Ты с ума сходил от досады, но незнакомец был настырен, и ты выпил коньяк, и опять вы обнимались, братались, говорили каждый свое.
– Вера, когда ты можешь ко мне прийти? – быстро спросил ты, как только вырвался из объятий пьяного. – Сколько тебе нужно дней, чтобы все кончить дома?
– Десять, – наобум выпалила я.
– Десять! – взревел ты и оглянулся на своего «друга». – Почему так много? – продолжал почти скороговоркой, с опаской посматривая по сторонам.
Мы говорили как по телефону, когда телефонистка уже предупредила, что время разговора истекло.
– Ну, хорошо. Хорошо! Десять. Мы сразу уедем из Москвы. Куда-нибудь, где сейчас тепло. Потом все успокоится. Мы вернемся, будем жить. Будем много работать. И ты знаешь, нам придется много работать. Мы во всех отношениях начнем жизнь сначала, с нуля. Понимаешь? Я все послал к черту! Дачу возвращаю писателям, машину отдал! Беру только картины, рукописи, книги… Ты согласна взять в мужья бедного Назымчика?
– Спасибо, Назым, – я действительно обрадовалась твоему решению. Для меня оно многое упрощало.

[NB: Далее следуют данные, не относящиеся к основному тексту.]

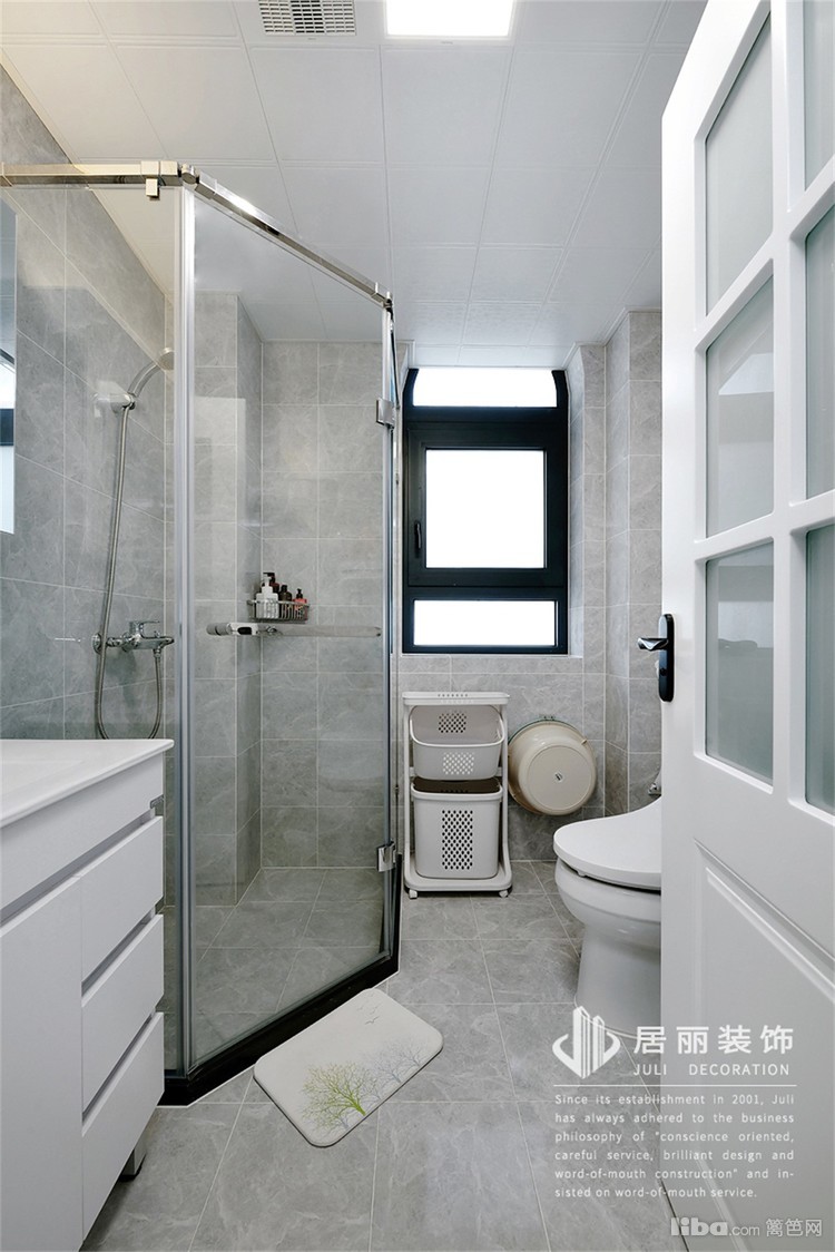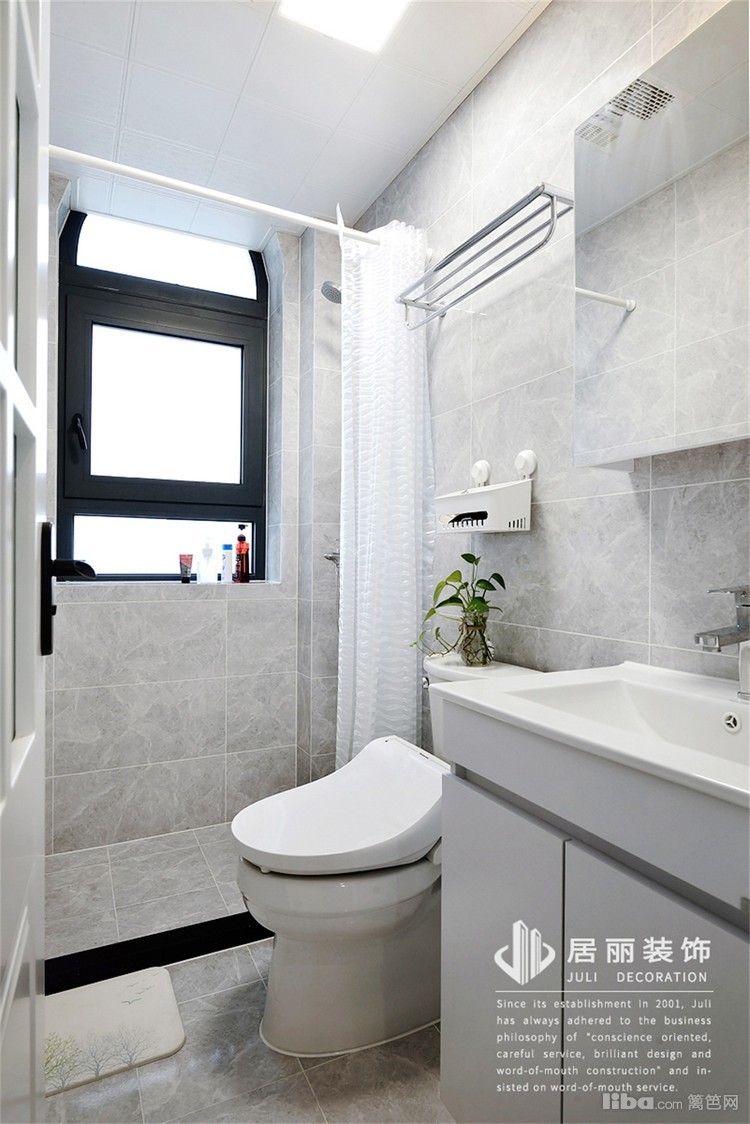 次卫整体为白色,空间更加干净,考虑空间较小,采用浴帘隔断。窗户边向外沿展,可以放置洗漱用品。

– Тогда мы больше не встретимся. Ровно через десять дней я возьму тебя прямо в поезд, и мы начнем наше путешествие… Мы будем очень счастливы, вот увидишь… Я это сделаю. Идем. Я отвезу тебя последний раз в такси в твой дом. Я так ненавижу эту дорогу! Слава Богу, что это последний раз, иначе мое сердце однажды лопнуло бы на этой дороге к твоему дому. Десять дней… Десять дней без твоего голоса… Ты ведь не откажешься завтра? Ты мне обещала. Клянись, что не откажешься. Это отвратительно, стыдно, знаю, но я прошу, клянись! Мамой, дочерью, умоляю! Я должен отпустить свой страх.
– Я обещаю, Назым.
– Вера!
– Клянусь… Все во мне поделилось надвое, все во мне враждует, все живет в несогласии. Прожитые годы выстроились китайской стеной, сомкнулись перед теми, что ждут своей очереди, не давая им ходу. Воспоминания так сгустились и повисли перед глазами, что ничего, кроме них, не могу увидеть. Я ем, не ощущая вкуса. Я сплю, никогда не высыпаясь. Я ухожу из дома, всегда оставаясь в нем. Все мои мысли спотыкаются на полпути, все мои желания утолены только наполовину, все мои надежды оглядываются назад.
Когда мною овладевает отчаяние и нет сил жить, я вспоминаю самые трудные моменты нашей жизни, я ищу силы там, где мы их проявляли. Я иду по нашим следам…
В тот зимний вечер я стояла у края тротуара с маленьким чемоданом, ждала тебя и все думала: «Что же я не прибрала старый свой дом, не вытерла пыль, не подмела пол… Надо бы вернуться…» А сама все стояла, не в силах сдвинуться с места. Ждала тебя. А ты не ехал. Десять, пятнадцать, двадцать минут.
– О чем ты думала, когда я опаздывал? – спросил ты меня в поезде.
– Я говорила себе: господи, хоть бы что-нибудь случилось, чтобы ты не приехал.
– Например, что? Что-нибудь с машиной, авария, да?
– Может быть…
– Хорошая у меня невеста, ничего не скажешь!
– Я умирала там, на улице, и десять дней до этого. Первый раз в жизни я предавала…
– Да, понимаю. А ты не думала, что первый раз спасаешь человека, правда?
– Не думала.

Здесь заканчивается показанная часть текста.